Being mid-afternoon we were served snacks: bowls of candies and dried nuts and beans and baked things like breakfast cereal and even dried yak cheese, the first cheese I've seen in China. Tastes sort of like Romano cheese.


In the thermos, ubiquitous in China and Tibet, was yak butter tea, which I'd read about and was eager to taste. I loved it, sort of buttery, a bit creamy, and a little salty, to the point where I had three servings of it in this tiny cup.

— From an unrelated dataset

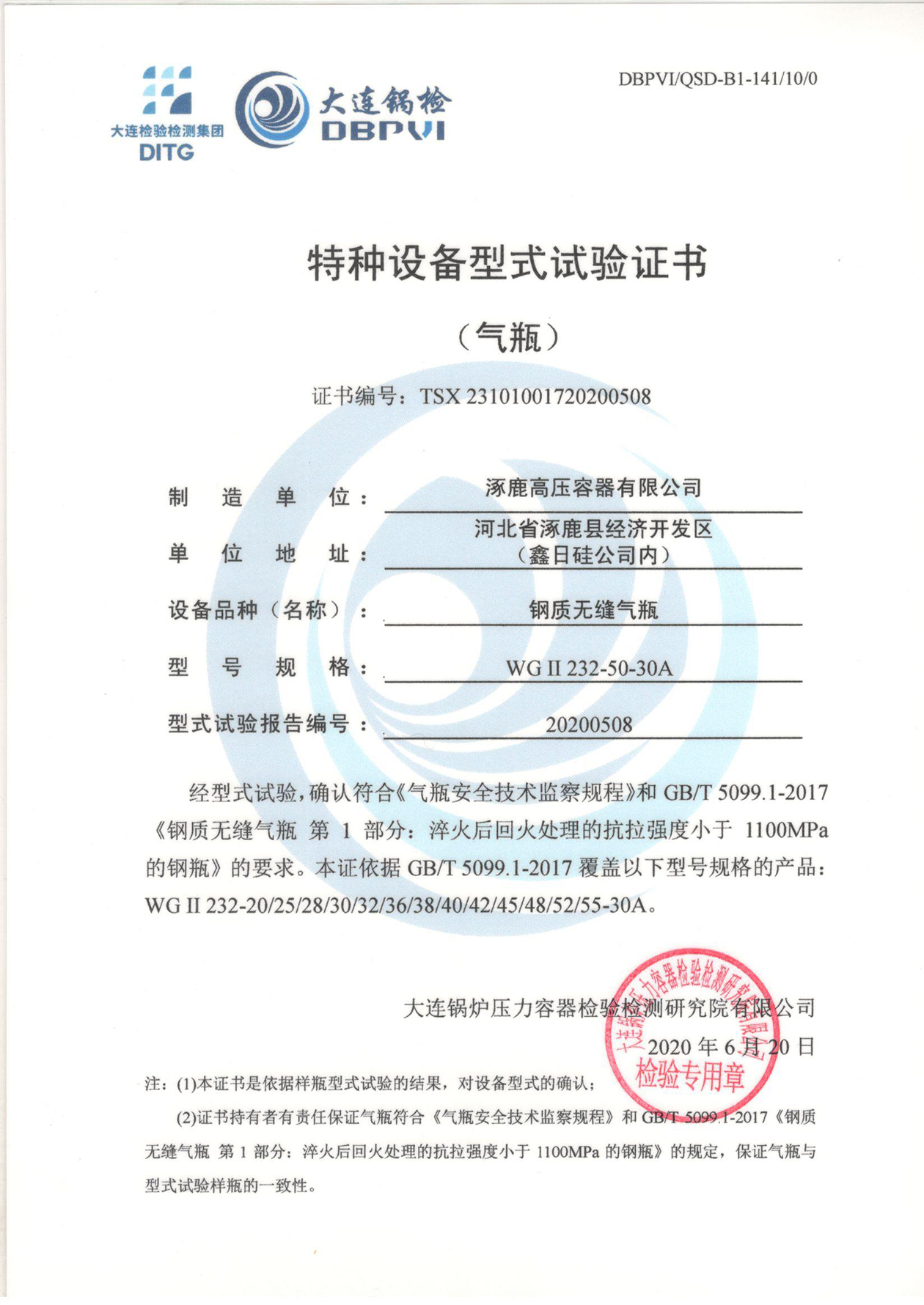 特種設備形式試驗證書(鋼制無縫氣瓶)WGⅡ232-50-20A
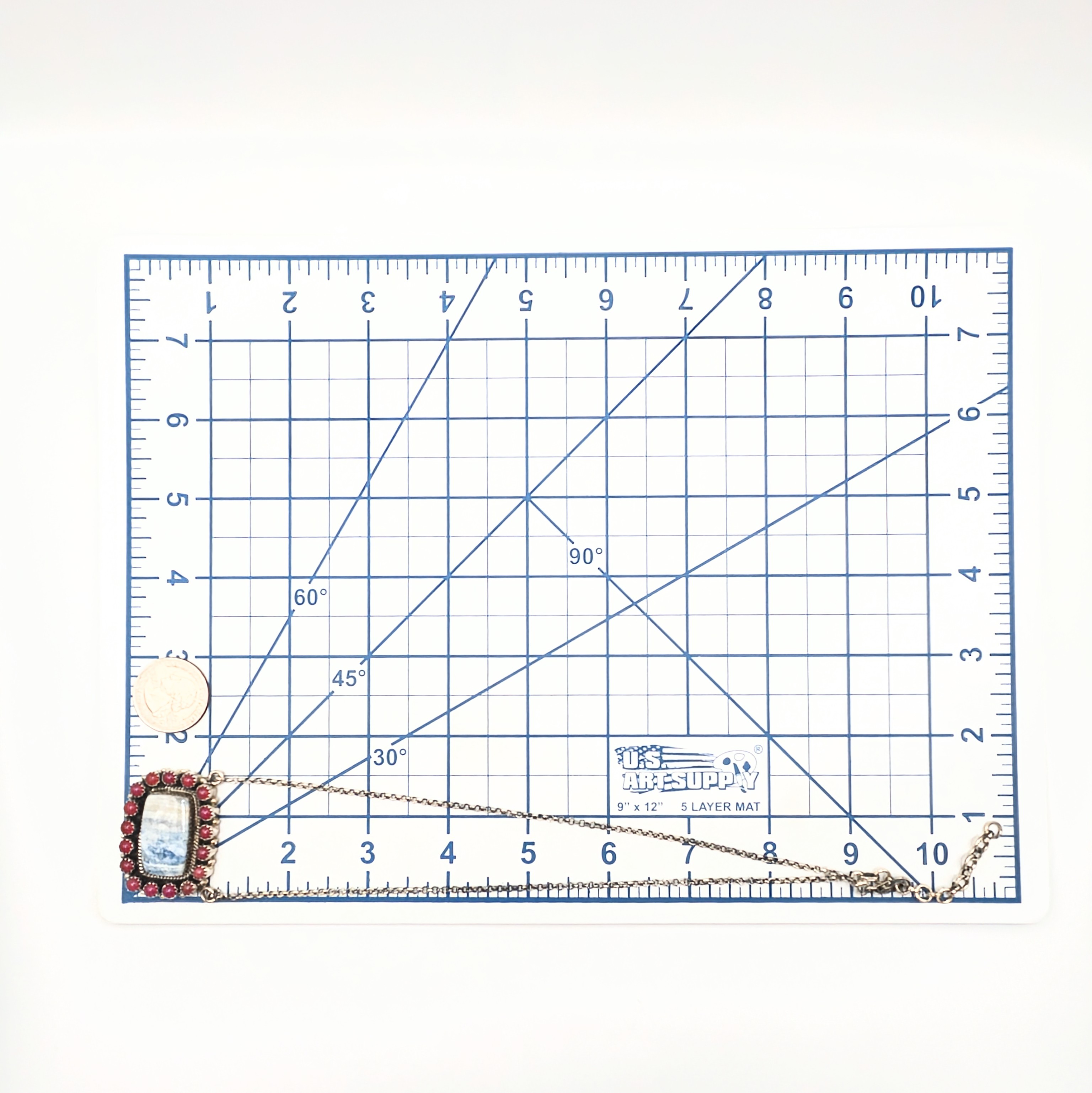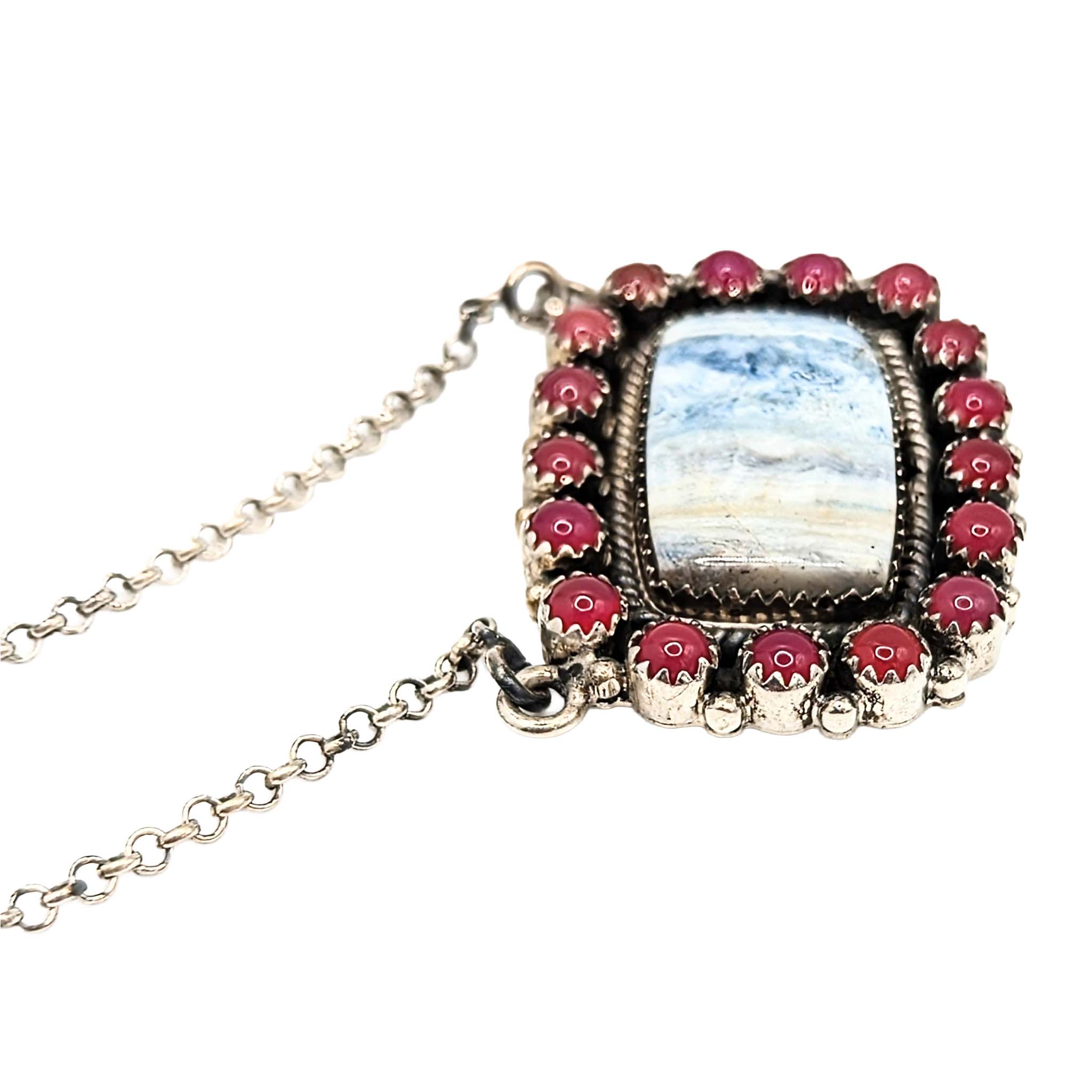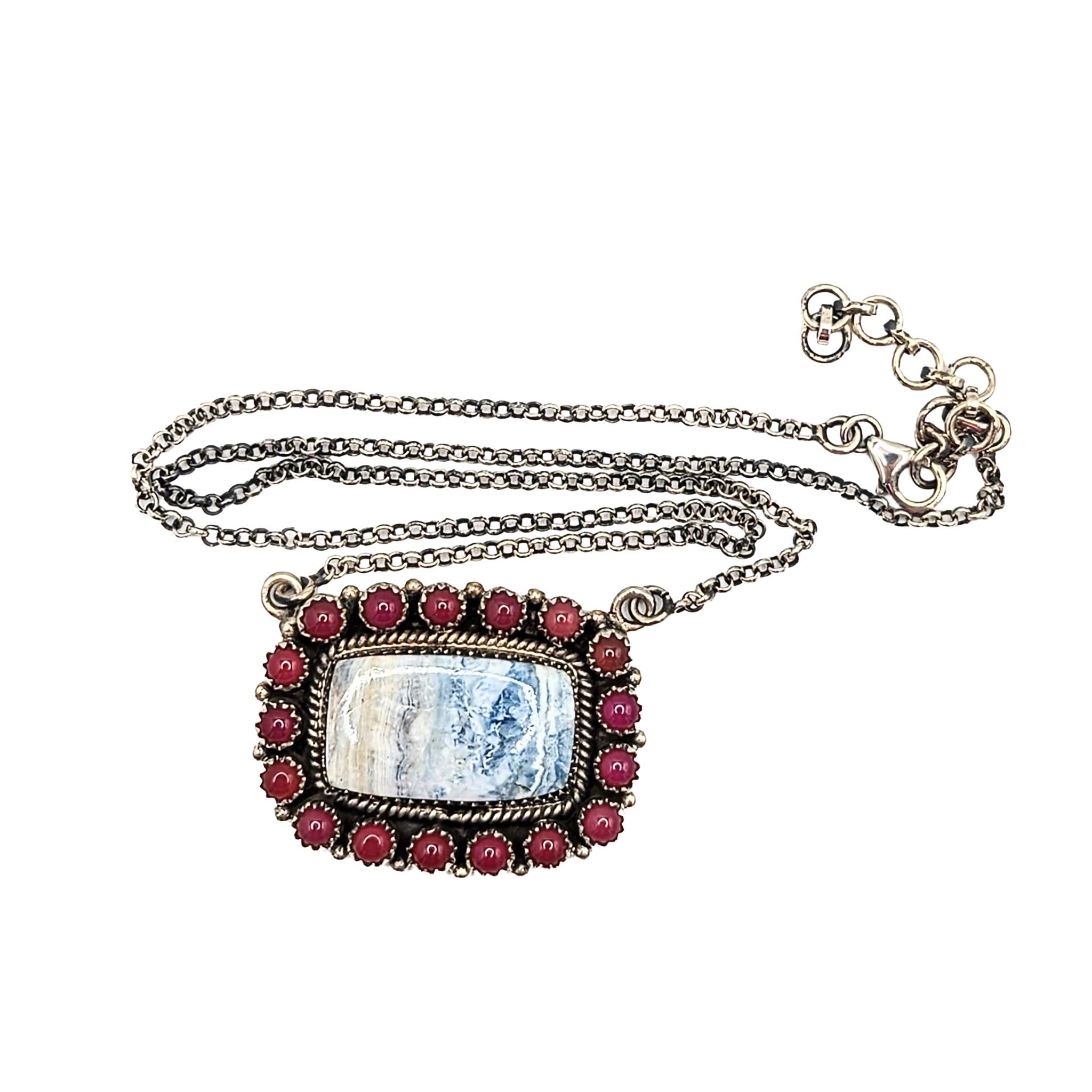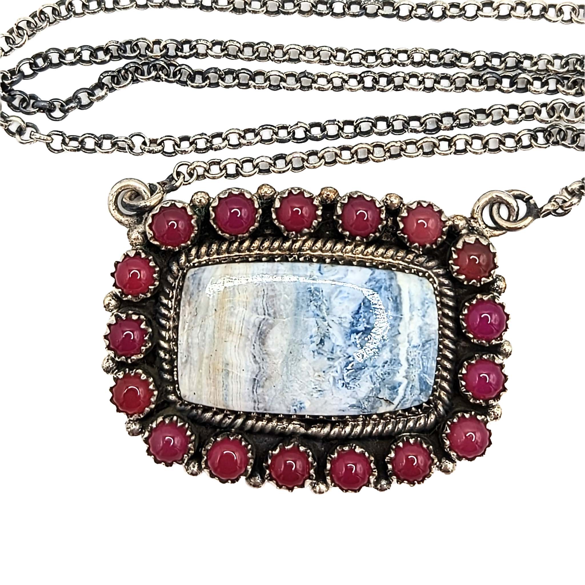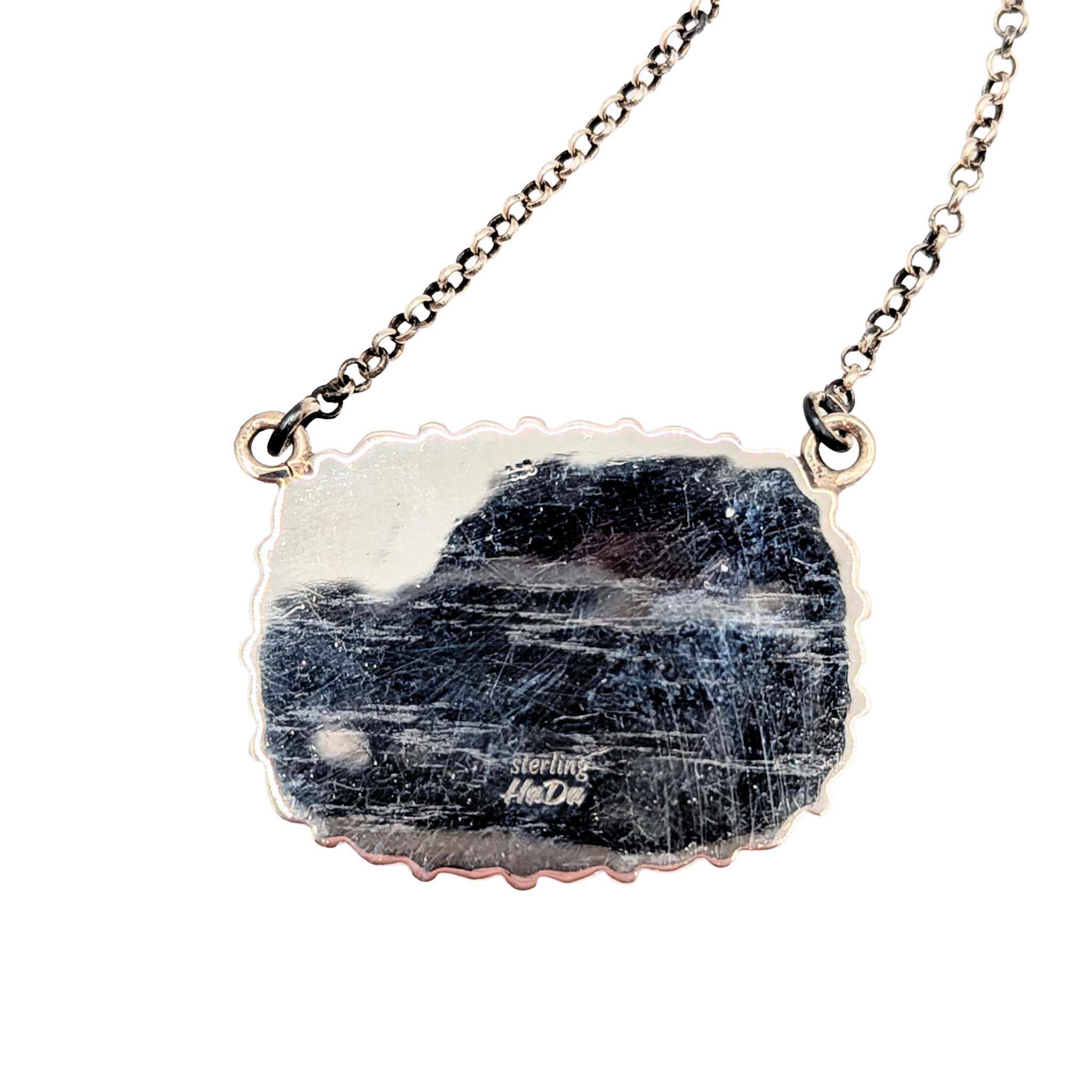 Southwest Sterling Silver Agate Pink Tourmaline Rectangle Necklace Signed Hada Sterling 18-20in Length 26.7g

It's a bit hard for me to understand how some people can make a trip like this and not want to taste things like yak butter tea. But then living in Mexico, I take probiotics every morning – who knows? Maybe they work.

An adjoining room, one of the seven rooms I was told made up the entire home for six people, was the chapel. Most or all devout Buddhists have chapels. This was a revelation. The top of the main shrine that contained three Buddhas was decorated with a pregnant woman, obviously a fertility symbol and a marvelous illustration of the way old and new traditions blend into each other. Here are the three Buddhas below the fertility symbol:

This was another illustration of how traditions blend. This family augments its income by welcoming tour groups (and the woman also sells small woven things you can see in the picture below), and she has placed paper money from the countries of her visitors inside the Buddhas's shrine. 

Here is our hostess. I was the only one to bring her a present, a small Mexican handmade purse, so she smiled and bowed to me many times.


Leaving her house we passed a little girl: irresistible.


It is on days like this I wouldn't give up a tour for anything. A wonderful day.